The FTIR spectrum of the Erlotinib-loaded solid lipid nanoparticles (ERL-SLN) provides critical insights into the encapsulation and interactions between the components. Broad peaks observed in the range of 3504–3362 cm⁻¹ indicate O-H stretching vibrations, suggesting the presence of hydroxyl groups, likely from lauric acid or water molecules in the formulation. Peaks at 2927 cm⁻¹ and 2765 cm⁻¹ represent the asymmetric and symmetric stretching vibrations of C-H bonds in the aliphatic hydrocarbon chains of lauric acid, highlighting the lipid matrix. A strong peak at 1729 cm⁻¹ corresponds to C=O stretching of the ester or carboxylic acid group from lauric acid. The peak at 1550 cm⁻¹ likely indicates aromatic C=C stretching from the Erlotinib structure, confirming its incorporation into the nanoparticles. A peak at 1268 cm⁻¹ represents C-O stretching vibrations, likely arising from the ester functionality in lauric acid or interactions with Erlotinib. Another peak at 1077 cm⁻¹ suggests C-O stretching vibrations, possibly due to interactions between Erlotinib and the lipid carrier. Finally, peaks at 902 cm⁻¹ and 756 cm⁻¹ correspond to C-H out-of-plane bending vibrations, which are likely associated with the aromatic ring of Erlotinib. Additionally, the disappearance of sharp crystalline peaks typically observed in the Erlotinib spectrum suggests that the drug is in an amorphous or molecularly dispersed state within the lipid matrix. The disappearance of Erlotinib’s crystalline peaks in the FTIR spectrum suggests molecular dispersion within the lipid matrix, enhancing encapsulation and stability. The structure of the nanoparticles likely consists of a hydrophobic lipid core of lauric acid, encapsulating Erlotinib, and a stabilizing hydrophilic shell formed by Tween 80.

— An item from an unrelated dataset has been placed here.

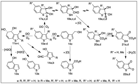 Benzo[b]thiophene 2,3-dione metabolites 22a and 22d from substrates 10a and 10d, were obtained from dihydrodiol intermediates 17a and 17d when using wild-type P. putida strains (Scheme 4) [,,]. The metabolic sequence progressed via further intermediates (18a and 18d), → (20a and 20d) → (21a and 21d) and was also observed in other bacterial strains [].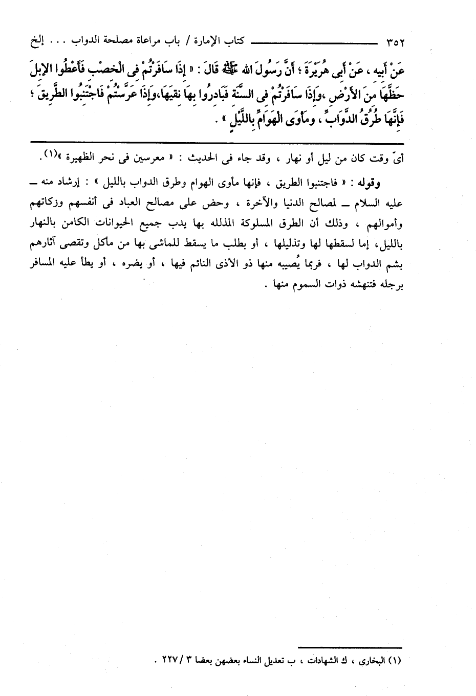 وقوله: " فاجتنبوا الطريق، فإنها مأوى الهوام وطرق الدواب بالليل ": إرشاد منه - عليه السلام - لمصالح الدنيا والآخرة، وحض على مصالح العباد فى أنفسهم وزكاتهم وأموالهم، وذلك أن الطرق المسلوكة المذلّلة بها يدب جميع الحيوانات الكامن بالنهار بالليل، إما لسقطها لها وتذليلها، أو بطلب ما يسقط للماشى بها من مأكل وتقصى آثارهم بشم الدواب لها، فربما يُصيبه منها ذو الأذى النائم فيها، أو يضره، أو يطأ عليه المسافر برجله فتنهشه ذوات السموم منها.

Differential scanning calorimetry
The DSC thermogram for Erlotinib, Lauric acid and ERL-SLNs were shown in fig. 6. The DSC thermogram for Erlotinib shows a sharp endothermic peak at approximately 232 °C, indicative of its melting point. The thermogram for Lauric Acid reveals a prominent endothermic peak at around 45 °C, which corresponds to its melting point. The difference in melting behaviours between Erlotinib (232 °C) and the lipid component (around 44 °C) suggests that Erlotinib may not be in its pure crystalline form within the SLNs. The lower melting point observed for the SLNs formulation could indicate a potential alteration in the drug's crystallinity, which is a desirable property in nanocarrier systems. This is often indicative of the drug being in an amorphous state or being molecularly dispersed in the lipid matrix, which can enhance drug solubility and bioavailability. The absence of an Erlotinib peak around 232 °C in the SLNs thermogram may also suggest that the drug has been successfully encapsulated or dissolved within the lipid matrix, potentially improving its stability and controlled release. The enthalpy change (ΔH) observed in the DSC thermogram indicates a transition to an amorphous state, which improves drug solubility and stability. The observed changes in the melting point could imply an interaction between the drug and the lipid core that alters the physical state of Erlotinib, which could result in improved solubility, stability, and controlled drug release, potentially enhancing its therapeutic efficacy in cancer treatment.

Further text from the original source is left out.